Judgment reversed; cause remanded with instructions.
DORRIAN, J., concurs.
BRUNNER, J., concurs in judgment only.
BRUNNER, J., concurring in judgment only.
{¶ 10} I concur with the decision of the majority but would reach the decision based on several of our more recent decisions on the sealing of criminal records pursuant to R.C. 2953.31 and 2953.32. See State v. Black, 10th Dist. No. 15AP-539, 2015-Ohio- 4256, ¶ 1-14, (referenced in this concurring opinion as "Black II" so as not to confuse it with the State v. Black, 10th Dist. No. 14AP-338, 2014-Ohio-4827, cited by the majority); State v. Schoenberger, 10th Dist. No. 15AP-451, 2015-Ohio-4870.
{¶ 11} The majority emphasizes the "act of grace" nature of the sealing of criminal records, citing State v. Gainey, 10th Dist. No. 14AP-583, 2015-Ohio, 3119. While the statute, itself, may be characterized as such, the statutes in question, R.C. 2953.31 and 2953.32, upon the finding of jurisdiction and the making of favorable discretionary findings, mandate granting an application to seal criminal records. Id. Several of our more recent decisions specifically state this and recognize the more contemporary changes in the criminal sealing statutes as a result of amendment pursuant to 2012 Am.Sub.S.B. No. 337. Therefore, I would conduct our de novo review of the trial court's granting of Taylor's application according to two steps, consistent with those decisions. Black II at ¶ 6-10; Schoenberger at ¶ 6.
"Except as provided in divisions (G), (H), or (I) of R.C. 2953.32, if the trial court finds that a person is eligible and using its discretion determines that the facts supporting the other required findings should be construed to favor sealing the records of conviction, the trial court 'shall order all official records of the case that pertain to the conviction or bail forfeiture sealed.' (Emphasis added.) R.C. 2953.32(C)(2). The sealing statutes are remedial and are, therefore, to be construed liberally to promote their purpose and assist the parties in obtaining justice. State ex rel. Gains v. Rossi, 86 Ohio St.3d 620, 622, (1999), citing R.C. 1.11; Barker v. State, 62 Ohio St.2d 35, 42, (1980)." Black II at ¶ 10.
"Whether an applicant is an eligible offender is an issue of law that we review de novo." State v. Tauch, 10th Dist. No. 13AP-327, 2013-Ohio-5796, ¶ 7; Black II at ¶ 8. --------
{¶ 12} The first step of our review calls for a determination of jurisdiction; that is, whether Taylor is an eligible offender. R.C. 2953.31(A) and 2953.32(C)(1). This issue is squarely addressed by the State's first assignment of error. I would specifically find that Taylor was not an eligible offender at the time of her application, and therefore, the trial court lacked jurisdiction. Based on this holding, we need make no further determinations on review.

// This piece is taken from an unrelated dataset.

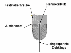 In the sketch on the right, you can see a cross-section. The burnisher sharpening device is pulled over the burnisher blade, which is clamped vertically in a vise or on the workbench. The white dashed line indicates the internal structure of this device. A carbide pin serves to attract the burr. On the left, you can select the desired angle for the burr with the adjustment knob. After the angle is chosen, the set angle is fixed with the locking screw, and then the sharpening device is pulled over the burnisher blade one or more times until the desired burr is achieved. With this device, you have a safe and reliable guide. It is available on our burnisher page.

{¶ 13} The trial court lacked jurisdiction to seal Taylor's records because a full year from the date of her discharge for her misdemeanor had not yet elapsed when she filed her application. Even though she paid her restitution before sentencing, an additional condition of her sentence was that she was required to have no new offenses for a one-year period from sentencing. This was also a condition of her two-month jail sentence being suspended. The question of what is her discharge date under these circumstances is not before us (that is, whether under these circumstances, her discharge date is the date of her sentencing or whether it is two years from the date of her sentencing, because of the condition that one year had to elapse with no new convictions). Regardless, the statutes require that she wait to apply at least one year from the date of her discharge.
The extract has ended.